Quite importantly, a Turkey-facilitated KRG-PYD military alliance would diminish the influence of acting PKK political leader Cemil Bayık who remains hostile to Ankara and favors alignment with Tehran. Bayık believes that the PKK's all-Kurdistan agenda is best be served by aligning with Iran's support for the Shiite government in Baghdad and the Alawite government in Damascus.  Bayık's position had enjoyed widespread support, as PKK and PYD fighters had been defending Rojava from ISIS and al-Qaeda attacks abetted by Turkey.  Should Ankara deepen its cooperation with the PYD in coordination with the KRG, the Bayık current in the PKK would be significantly weakened providing Abdullah Öcalan the political opportunity move the PKK closer to Ankara and Erbil. In what may be a telling sign, as the Dohuk negotiations commenced on October 14, Osman Öcalan, the brother of the PKK leader Abdullah Öcalan, declared his support for Barzani’s KDP.  Referring to the KDP as “the mother of the Kurdish national movement,” Öcalan informed the Kurdish press of his intention to form a conservative Kurdish party within Turkey modeled on the KDP.  While the Turkish public may find it difficult to accept the entrance of the PKK in to the political arena as a legitimate actor, it may accept the party operating under a new name or in a new coalition. 

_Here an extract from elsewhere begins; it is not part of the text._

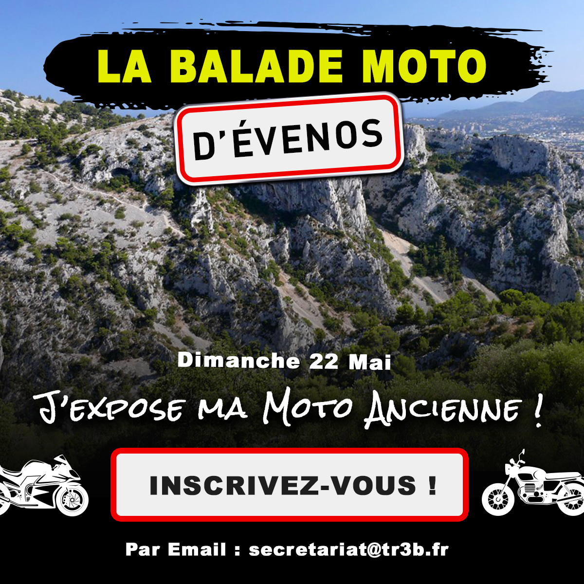 L’évènement sera rythmé par de nombreuses étapes toute la journée : balade moto avec un petit parcours crée à cette occasion, exposition de motos anciennes et concours des motos, démonstrations de trial, marché de créateurs du Var « Évenos Expose », championnat de tourisme et bien d’autres surprises.Tout le monde (avec motos) peut participer à la balade, pour cela il suffit d’envoyer sa candidature à l’adresse mail suivante : secretariat@tr3b.fr (avant le Vendredi 20 Mai), il sera demandé 10 euros de frais de participation/moto.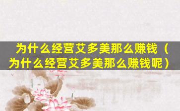 为什么经营艾多美那么赚钱(为什么经营艾多美那么赚钱呢)

CONCLUSIONS: Concurrent with Turkey’s agreement to open a corridor for KRG Peshmerga fighters to reinforce Kobane, Prime Minister Ahmet Davutoğlu announced the AKP and PKK have agreed to a roadmap to reach a peace agreement. 

Although details have not been released, both Davutoğlu and deputies from the Kurdish-oriented Peoples’ Democratic Party (HDP) who are in frequent communication with Abdullah Öcalan have expressed optimism for a breakthrough within six months, two months prior to Turkey’s July general elections.  If the AKP-PKK roadmap offers a meaningful accommodation of Kurdish demands within Turkey, dispelling the growing impression that the AKP is simply stringing the Kurds along, Ankara is poised to create a more amenable constellation of Kurdish political allies.  

Micha’el Tanchum is a Fellow in the Middle East and Asia Units, Truman Research Institute for the Advancement of Peace, Hebrew University. Dr Tanchum also teaches in the Department of Middle Eastern History and the Faculty of Law, Tel Aviv University. 

(Image Attribution: Boris Niehaus via Wikimedia Commons, CC 3.0)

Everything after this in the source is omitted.